Listed entries: Begin

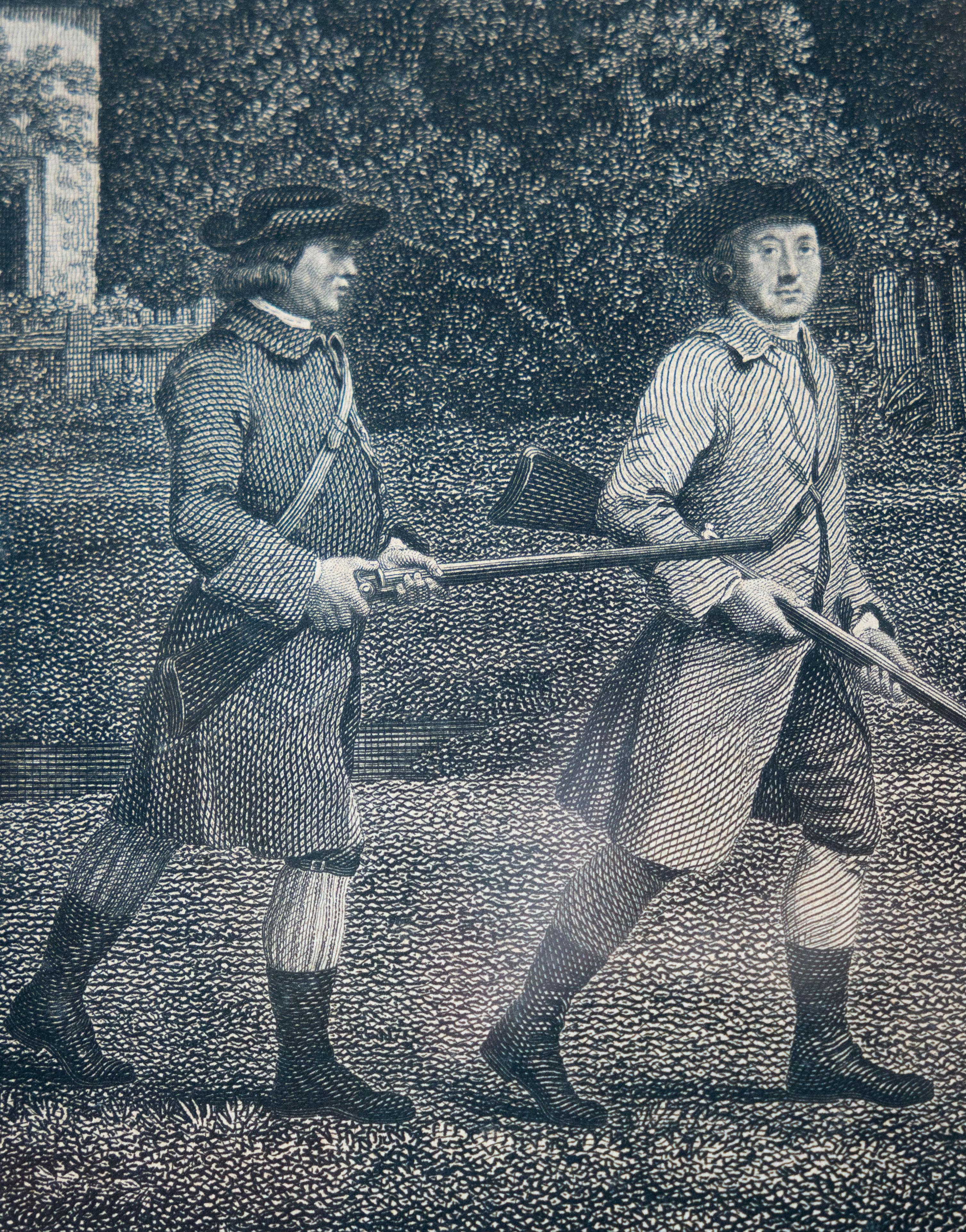 Schießen - Tafel II", Stich aus George Stubbs berühmter Serie von vier Schießgravuren.
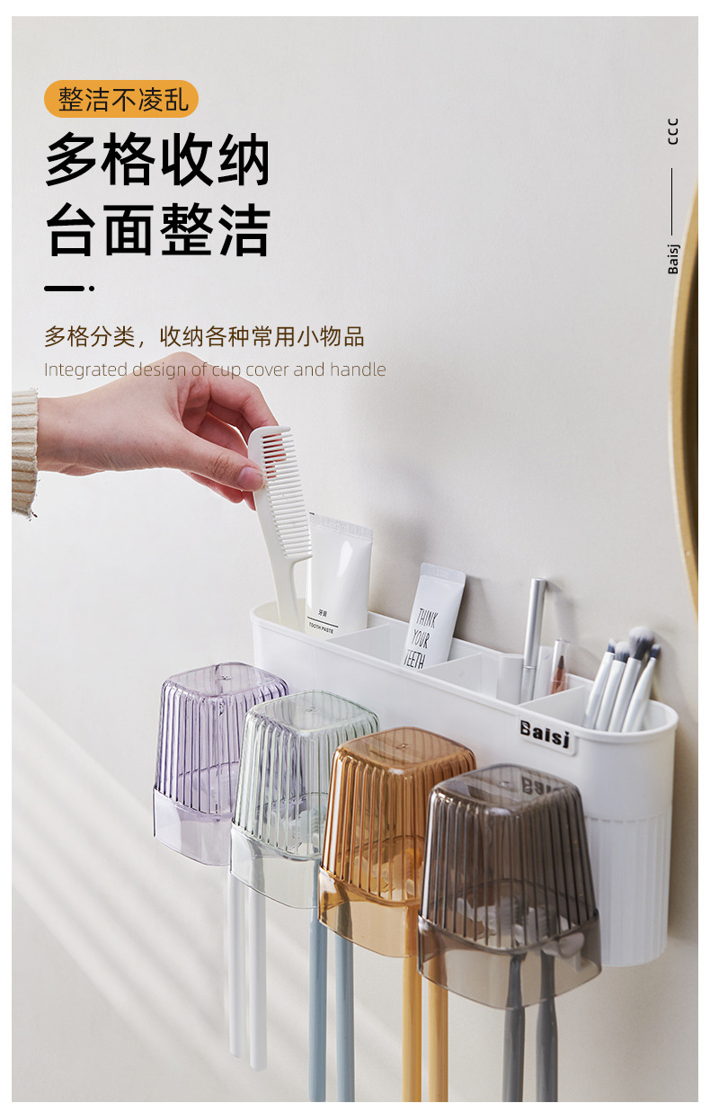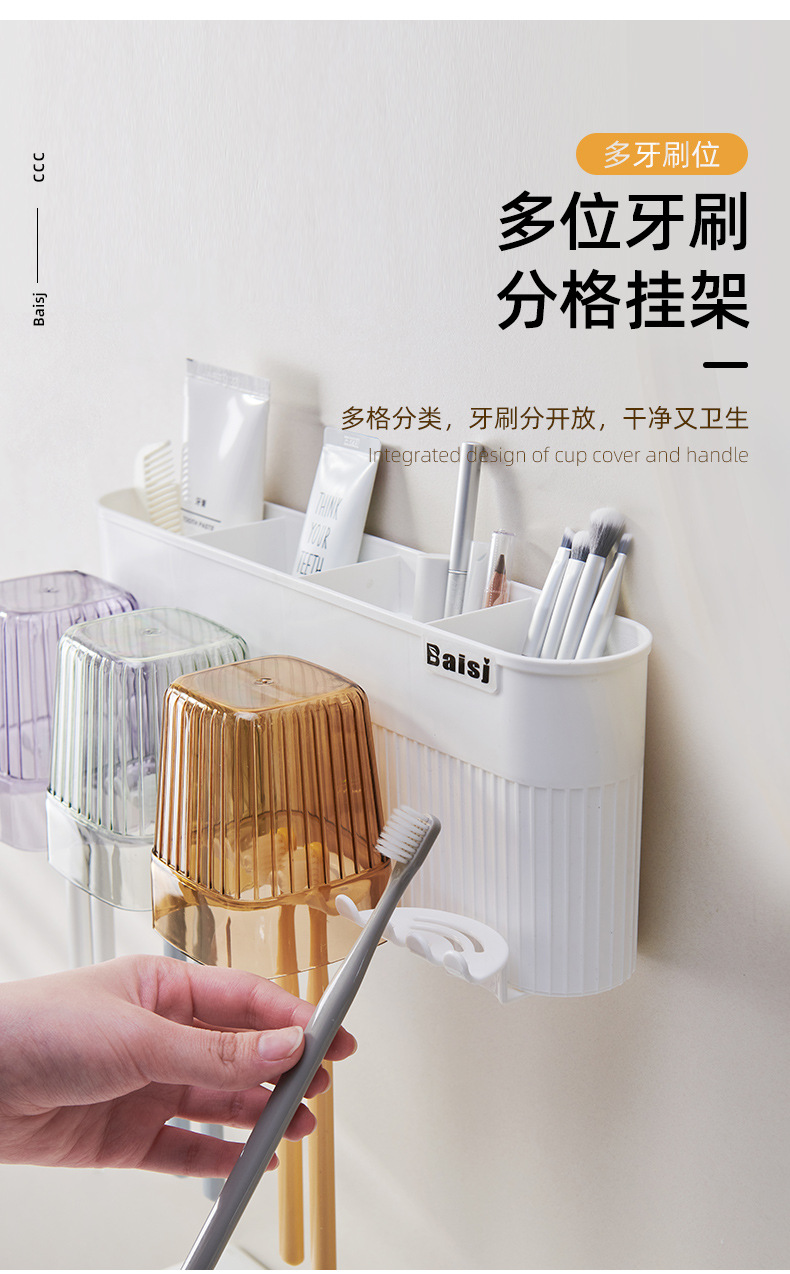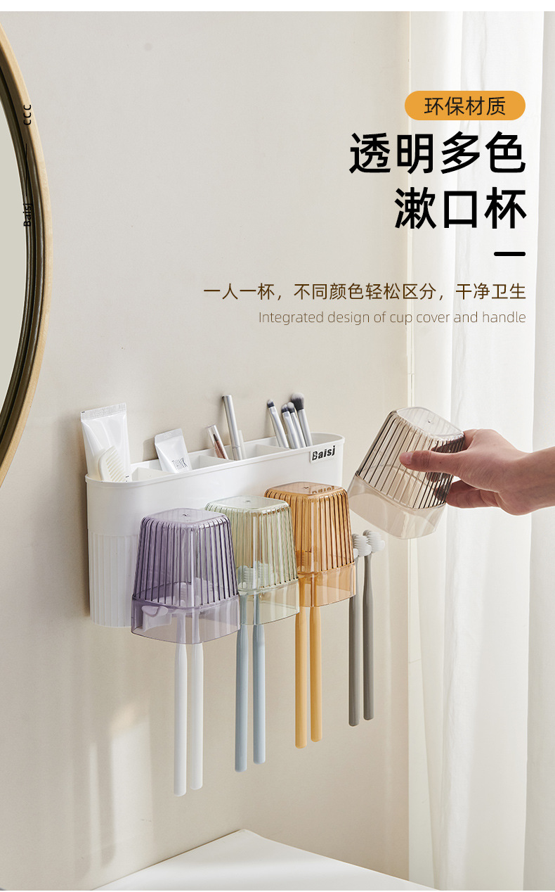 gargle cup punch-free toothbrush multi-function storage rack gargle cup tooth cup bathroom wall hanging suit wholesale · 中文版
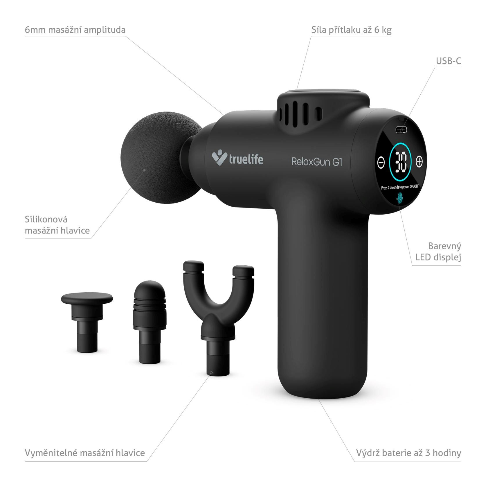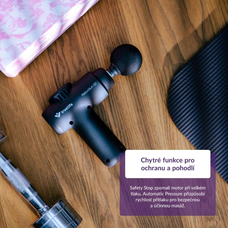 Ať už sportujete na vrcholové úrovni, pracujete jako fyzioterapeut, trávíte většinu dne u počítače, nebo jen hledáte efektivní způsob, jak ulevit unaveným svalům, masážní pistole TrueLife RelaxGun G1 je ideální volbou pro regeneraci i relaxaci. Nabízí 30 úrovní intenzity, přítlak 6 kg a frekvenci až 3200 kmitů za minutu, takže se snadno přizpůsobí vašim potřebám – od jemné relaxační masáže až po intenzivní hloubkovou terapii. Čtyři vyměnitelné silikonové hlavice umožňují cílenou péči o různé části těla, zatímco inteligentní funkce jako automatický frekvenční přítlak a bezpečnostní zastavení (Safety stop) zajistí maximální komfort a bezpečí. S tichým provozem, dlouhou výdrží baterie až 3 hodiny a moderním USB-C nabíjením je TrueLife RelaxGun G1 ideálním pomocníkem doma, ve fitku, v práci i na cestách. Dopřejte si péči kdykoliv potřebujete – pro rychlou regeneraci, úlevu od bolesti, prevenci zranění i podporu celkové pohody.
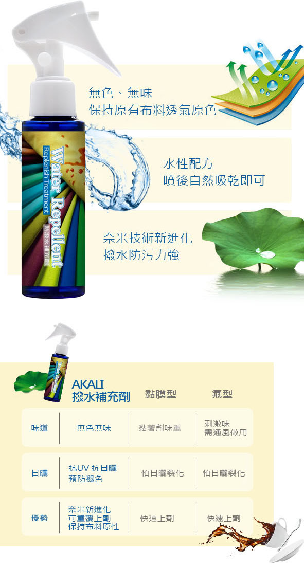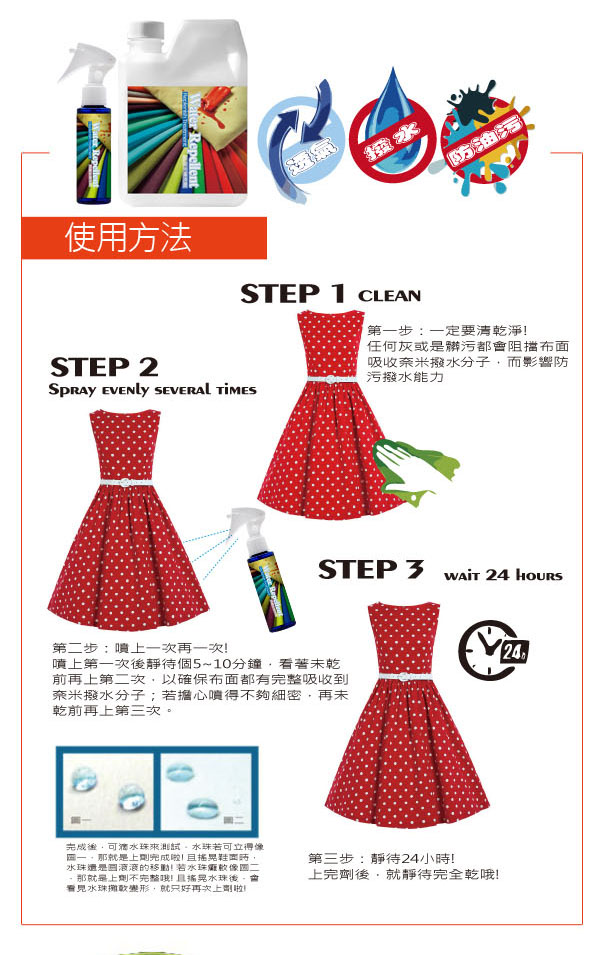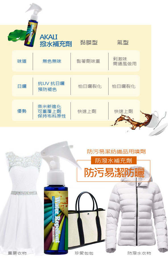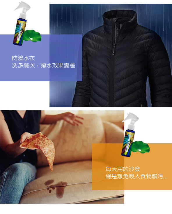 奈米新配方 避免產生斑點或色斑 品牌包包 外套保養 防潑水防污易潔髒污不吸入異味不黏入不怕食物潑灑 適用於各式吸水性家用布藝飾品窗簾沙發 仍保持原有布料透氣物性 、延長防水服飾或裝備機能功能性
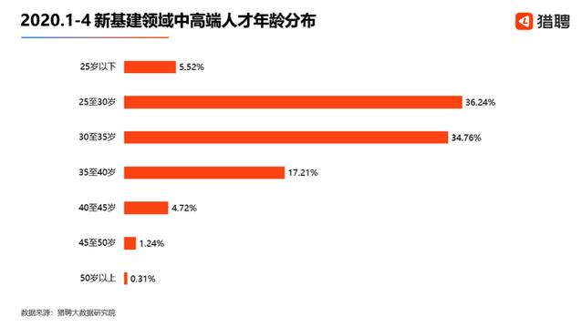 新基建总体领域的中高端人才分布最多的年龄段是25-30岁,占比为36.24%。30岁以下的中高端人才占比为41.76%,这部分人对应的正是90后群体,这表明年轻人在这个领域占据主要地位。
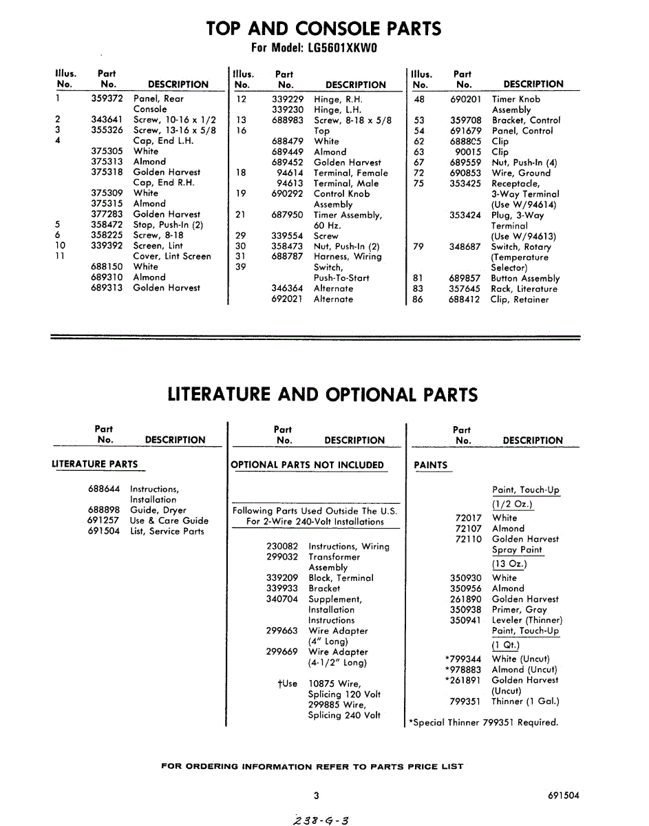 Parts for Whirlpool LG5601XKW0: 03 - Literature And Optional Parts
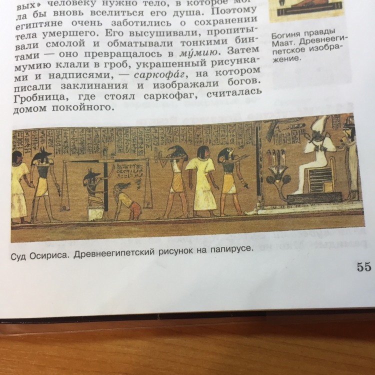 в "стране мёртвых " распоряжается Бог Анубис , которого изображали с телом человека и черной головой Шалалала. Взяв умершего за руку , ведёт он его на суд Осириса , который восседает на троне с жезлом и плетью в руках . Умерший , стояв в белой одежде клянется . Показания умершего записывает бог Тот . Правдивость клятвы проверяют : сердце человека кладут на одну чашу весов , а на другую -фигурку богини правды -Маат . Равновесие означает , что умерший не солгал : он был добрым и праведным человеком . Рядом с весами опирается на передние лапы свирепое чудовище с телом льва и зубастой пастью крокодила . оно готово проглотить того , кто при жизни творил зло . А праведника пропустят на чудесные поля мёртвых. Надеюсь , все понятно
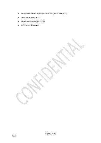 • Compassionate Leave (3.12) and Force Majeure Leave (3.13) • Smoke-Free Policy (6.1) • Breaks and rest periods (2.10.1) • DIFC. Safety Statement Page 67 of 74 Rev.3

Listed entries: End

Pictures are to be left out; all other data must be returned exactly.

 Schießen - Tafel II", Stich aus George Stubbs berühmter Serie von vier Schießgravuren.
 gargle cup punch-free toothbrush multi-function storage rack gargle cup tooth cup bathroom wall hanging suit wholesale · 中文版
 Ať už sportujete na vrcholové úrovni, pracujete jako fyzioterapeut, trávíte většinu dne u počítače, nebo jen hledáte efektivní způsob, jak ulevit unaveným svalům, masážní pistole TrueLife RelaxGun G1 je ideální volbou pro regeneraci i relaxaci. Nabízí 30 úrovní intenzity, přítlak 6 kg a frekvenci až 3200 kmitů za minutu, takže se snadno přizpůsobí vašim potřebám – od jemné relaxační masáže až po intenzivní hloubkovou terapii. Čtyři vyměnitelné silikonové hlavice umožňují cílenou péči o různé části těla, zatímco inteligentní funkce jako automatický frekvenční přítlak a bezpečnostní zastavení (Safety stop) zajistí maximální komfort a bezpečí. S tichým provozem, dlouhou výdrží baterie až 3 hodiny a moderním USB-C nabíjením je TrueLife RelaxGun G1 ideálním pomocníkem doma, ve fitku, v práci i na cestách. Dopřejte si péči kdykoliv potřebujete – pro rychlou regeneraci, úlevu od bolesti, prevenci zranění i podporu celkové pohody.
 奈米新配方 避免產生斑點或色斑 品牌包包 外套保養 防潑水防污易潔髒污不吸入異味不黏入不怕食物潑灑 適用於各式吸水性家用布藝飾品窗簾沙發 仍保持原有布料透氣物性 、延長防水服飾或裝備機能功能性
 新基建总体领域的中高端人才分布最多的年龄段是25-30岁,占比为36.24%。30岁以下的中高端人才占比为41.76%,这部分人对应的正是90后群体,这表明年轻人在这个领域占据主要地位。
 Parts for Whirlpool LG5601XKW0: 03 - Literature And Optional Parts
 в "стране мёртвых " распоряжается Бог Анубис , которого изображали с телом человека и черной головой Шалалала. Взяв умершего за руку , ведёт он его на суд Осириса , который восседает на троне с жезлом и плетью в руках . Умерший , стояв в белой одежде клянется . Показания умершего записывает бог Тот . Правдивость клятвы проверяют : сердце человека кладут на одну чашу весов , а на другую -фигурку богини правды -Маат . Равновесие означает , что умерший не солгал : он был добрым и праведным человеком . Рядом с весами опирается на передние лапы свирепое чудовище с телом льва и зубастой пастью крокодила . оно готово проглотить того , кто при жизни творил зло . А праведника пропустят на чудесные поля мёртвых. Надеюсь , все понятно
 • Compassionate Leave (3.12) and Force Majeure Leave (3.13) • Smoke-Free Policy (6.1) • Breaks and rest periods (2.10.1) • DIFC. Safety Statement Page 67 of 74 Rev.3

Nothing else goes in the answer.